Jennifer Aldington Emous
30 January 1933 – 27 November 2019
By Vivien Whelpton
Jennifer was Aldington’s niece – the daughter of Aldington’s younger brother Tony and his first wife, Moira Osborne. She and her brother Tim, born in 1936, were brought up by their mother and grandmother after their parents separated in 1941.
Jennifer’s childhood and subsequent development were deeply affected by the Second World War: in S.E. Kent schools were closed for the duration and she and her brother were taught at home by a retired schoolteacher. Fortunately, Jennifer’s love of literature – especially Shakespeare and the nineteenth century novelists – was encouraged. She was twelve years old when the war ended and her over-protective grandmother decided that she could continue to study at home. She had many talents, apart from being an avid reader, including for drawing and painting – she did attend art school for a short while – and also for singing and for writing, but was never given the opportunity to exploit these. She loved riding and had her own horse for a while until it became too expensive to keep it; but her love of animals did lead her into breeding Yorkshire terriers and poodles. Much of her life as a young adult was taken up with caring for her grandmother and her mother. She married in 1966 and her daughter, Francesca, was born three years later. Subsequently Jennifer had an important role in helping Francesca to combine a career with bringing up her own two daughters, Saskia and Anushka, now in their early twenties.
As Tony Aldington acted as his brother’s solicitor and legal adviser, Aldington was in regular touch with him and his second family after moving back to France in 1946, but Jennifer started to write to her uncle in September 1954. His initial response was, rather unsurprisingly: ‘I have always thought that relatives and so on were people better to let alone; your letter changed my ideas on the subject.’ He told her: ‘I am an old codger now, and not very amusing, except when I get cross and slang people in print.’ (This was, of course only a few months before the publication of ‘Lawrence of Arabia: A Biographical Inquiry’.) However, she was not put off and they continued to correspond.
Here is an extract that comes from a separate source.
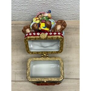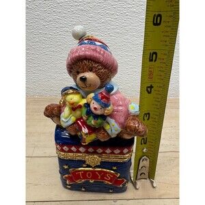 Traditions Porcelain Decorative Trinket Box Hand Painted Teddy Bear With Toys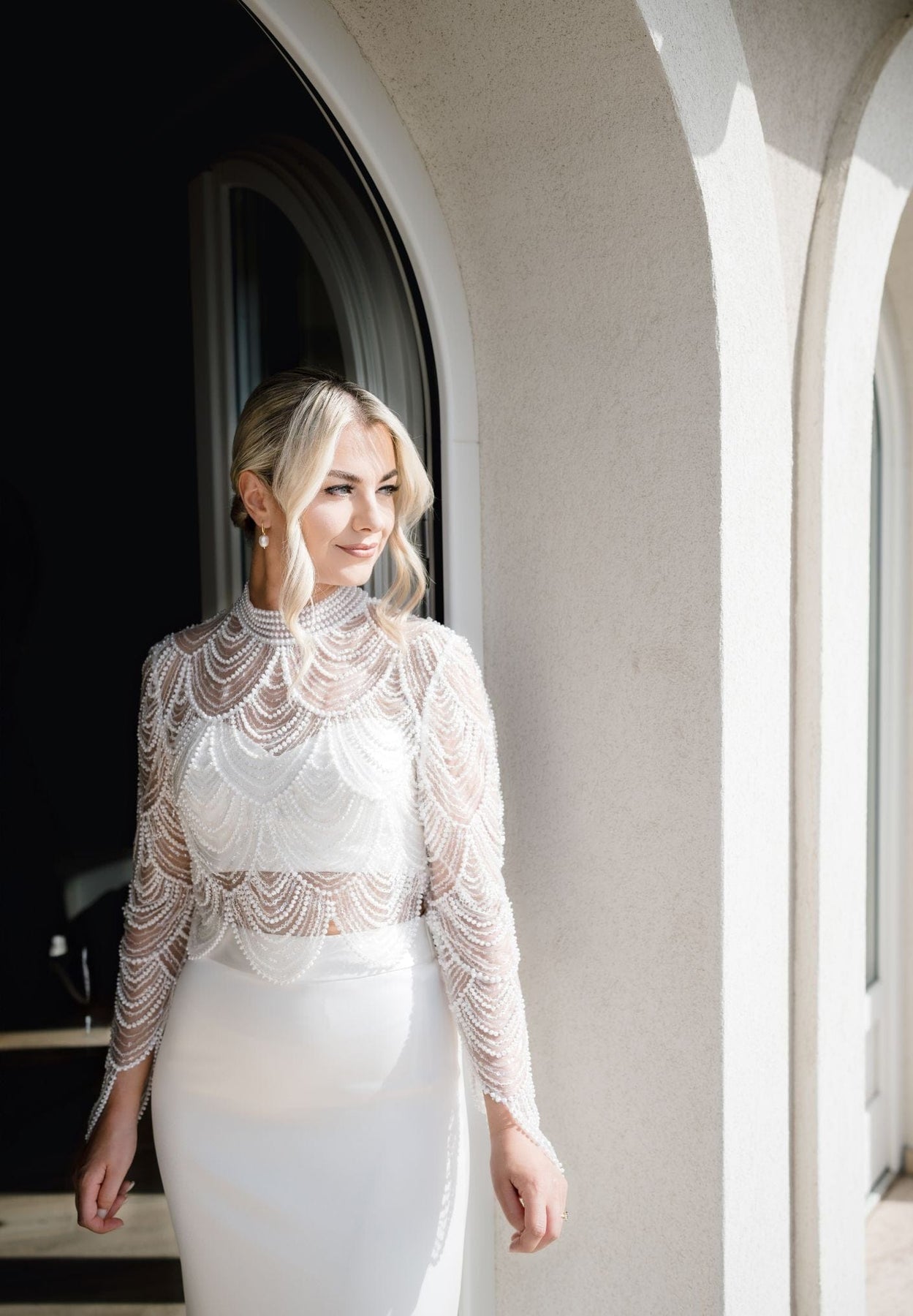 The Anya Topper is cut from a scalloped, faux pearl and sequin-adorned tulle, creating a dramatic scalloped hemline and curved wrist details. This sheer topper features semi-fitted long sleeves and a high collar that has been meticulously hand beaded in a process that takes more than 10 hours of work. The back of this decorative top closes with a row of faux pearl buttons. The Anya Topper is designed to be worn over your choice of bralette.

In September 1961 Moira, Jennifer and Tim (newly returned from three years’ service as an agricultural field officer in Tanganyika) visited Aldington at Sury, an enjoyable time for them all, during which he took them to see the abbey at Vézelay and out for a restaurant meal; but their visit was curtailed after a week because he and Catha had been summoned to Zurich by Bryher to see the dying H.D.
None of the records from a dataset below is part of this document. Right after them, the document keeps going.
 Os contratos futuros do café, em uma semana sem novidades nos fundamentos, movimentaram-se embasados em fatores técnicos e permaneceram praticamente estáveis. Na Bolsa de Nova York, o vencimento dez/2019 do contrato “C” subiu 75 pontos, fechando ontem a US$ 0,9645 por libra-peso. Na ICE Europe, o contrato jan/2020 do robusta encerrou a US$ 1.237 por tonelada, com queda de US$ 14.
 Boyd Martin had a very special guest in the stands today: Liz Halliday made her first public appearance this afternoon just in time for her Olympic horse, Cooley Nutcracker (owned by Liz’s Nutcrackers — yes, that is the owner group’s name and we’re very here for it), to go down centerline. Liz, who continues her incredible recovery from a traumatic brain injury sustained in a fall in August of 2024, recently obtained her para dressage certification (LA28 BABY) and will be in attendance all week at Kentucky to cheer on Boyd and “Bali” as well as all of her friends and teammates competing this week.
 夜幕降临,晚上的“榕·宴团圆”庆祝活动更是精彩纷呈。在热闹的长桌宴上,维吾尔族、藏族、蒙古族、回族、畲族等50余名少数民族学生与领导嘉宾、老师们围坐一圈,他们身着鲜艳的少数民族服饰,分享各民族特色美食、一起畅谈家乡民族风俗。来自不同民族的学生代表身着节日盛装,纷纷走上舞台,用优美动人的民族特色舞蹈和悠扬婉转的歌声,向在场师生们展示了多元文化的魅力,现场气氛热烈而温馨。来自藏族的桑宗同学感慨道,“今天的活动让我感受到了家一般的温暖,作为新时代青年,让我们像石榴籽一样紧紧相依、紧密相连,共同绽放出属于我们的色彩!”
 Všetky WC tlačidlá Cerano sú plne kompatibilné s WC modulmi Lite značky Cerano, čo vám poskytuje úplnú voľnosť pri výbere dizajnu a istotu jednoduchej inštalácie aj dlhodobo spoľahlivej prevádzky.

Jennifer remained an admirer of Aldington for the rest of her life and was a member of the NCLS. I was fortunate to be introduced to her in 2011 by her cousin Jane Conway, author of ‘Mary Borden: A Woman of Two Wars’. On my visits to see her in Deal in Kent, sometimes with Jane, sometimes with my husband, she shared her letters from Aldington with me and spoke of him with great affection, remarking on his generosity and good humour. Despite being crippled with arthritis, suffering from increasingly poor eyesight (a particularly tragic blow as it prevented her from reading) and in constant pain, she was welcoming and full of spirit, and her memories of her remarkable family were always entertaining. Her tales of May Aldington were fascinating and helped me understand Aldington’s fraught relationship with his mother, while her memories of his sisters, her aunts Marjorie and Patty, were poignant ones.
Until the distance became too much for her, we would meet at ‘The Black Douglas’, Jennifer’s favourite café on the seafront at Deal, where she was well known and loved. I last saw her at the end of August last year, when she and Jane and I went down to the beach to a café where Anushka worked. Knowing that I was vegan, Jennifer had thoughtfully purchased a vegan pasty for me the day before and brought it with her in the basket of her mobility scooter.
In early October, Jennifer was suffering from heart problems and contracted pneumonia. She was taken into hospital and, although discharged temporarily after a few weeks, she was soon taken ill again and returned to hospital where she died on 27 November. The Church of St Thomas of Canterbury in Deal was full of friends and family for her requiem mass on 20 December.
Jennifer is survived by her brother, her daughter and her two granddaughters. Much of the information I have about her early life was kindly given to me by Tim Aldington.